2z K4Fe(CN)6 + ? KMnO4 + ? H2SO4 --> ? KHSO4 + z Fe2(SO4)3 + ? MnSO4 + 12z HNO3 + 12z CO2 + ? H2O
Let Mn be 2y (experience)
2z K4Fe(CN)6 + 2y KMnO4 + ? H2SO4 --> ? KHSO4 + z Fe2(SO4)3 + 2y MnSO4 + 12z HNO3 + 12z CO2 + ? H2O
From LHS we have K := 8z + 2y.
2z K4Fe(CN)6 + 2y KMnO4 + ? H2SO4 --> (8z+2y) KHSO4 + z Fe2(SO4)3 + 2y MnSO4 + 12z HNO3 + 12z CO2 + ? H2O
Let H2O be x, giving total H of (20z+2y+2x)
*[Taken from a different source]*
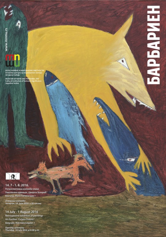Уметнички Павиљон „Цвијета Зузорић“ на Малом Калемегдану захваљујући Музеју Маргиналне уметности из Јагодине нам поклања ретроспективну изложбу слика покојног Предрага Милићевића Барбаријена из Светозарева, једног од најзначајнијих арт брутиста на ширем европском плану. Овом изложбом испунила се жеља уметника коју је оставио називом слике „ЛУВР 2999 или кад будем мртав и бео”. Пеђу Барбаријебна поред његових Mораваца познају многи Kрагујевчани, љубитељи уметничке фотографије, поезије, спортисти и спортска публика, љубитељи брзог испијања пива, а наравно и сликaри. Остао је упамћен са бројних жирирања и изложби уметничке фотографије крајем седамдесетих и осамдесетих година у Крагујевцу. Каратистима „Карате клуба Раднички” остао је у сећању корпулентни, жустри, црвенокоси и црвенобради момак ниског раста, склон атрактивним нападима, који није имао треме ни пред ауторитетима у том спорту. Као гласног навијача и жустрог коментатора памтимо га са трибина хале „Језеро“ када је пратио боксeрску каријеру свог сина Стефана. Хвалио се се својом запаженом изложбом BLOW UP коју је имао јуна 1996. године у крагуjевачком Малом ликовном салону. Гостовао је на ликовноj конији у Основној школи „Станислав Сремчевић“ поводом прославе 21. октобра, 2007. године где је оставио два дивна дела. „Сада сликам само караконџуле”, промеконтарисао је заинтересованим колегама и ћачићима школе који су опколили његов штафелај. Хвалио је своје колеге из Шумадије, јер је у Крагујевчанима имао другове, пријатеље и обожаваоце из спорта, уметности. Партнере са којима је расправљао о могућности фотографије и фотографске технике, уметности, сарађивао, трампио се и одмеравао могућности и љубав у брзом испијању пива. По занимању за Барбаријена ( 1963-2013) морамо признати да је у атељеу имао своју катедру за слободне уметнике и боеме.

2z K4Fe(CN)6 + 2y KMnO4 + (10z+y+x) H2SO4 --> (8z+2y) KHSO4 + z Fe2(SO4)3 + 2y MnSO4 + 12z HNO3 + 12z CO2 + x H2O
Balance for SO4: x = z+3y
Balance for other O: 8y = 60z +x
Substitute and simplify: 5y=61z
Thus the Minimum Integer Solution: z=5, y=61, x=188
10 K4Fe(CN)6 + 122 KMnO4 + 299 H2SO4 --> 162 KHSO4 + 5 Fe2(SO4)3 + 122 MnSO4 + 60 HNO3 + 60 CO2 + 188 H2O
This is a classic exam question, by the way.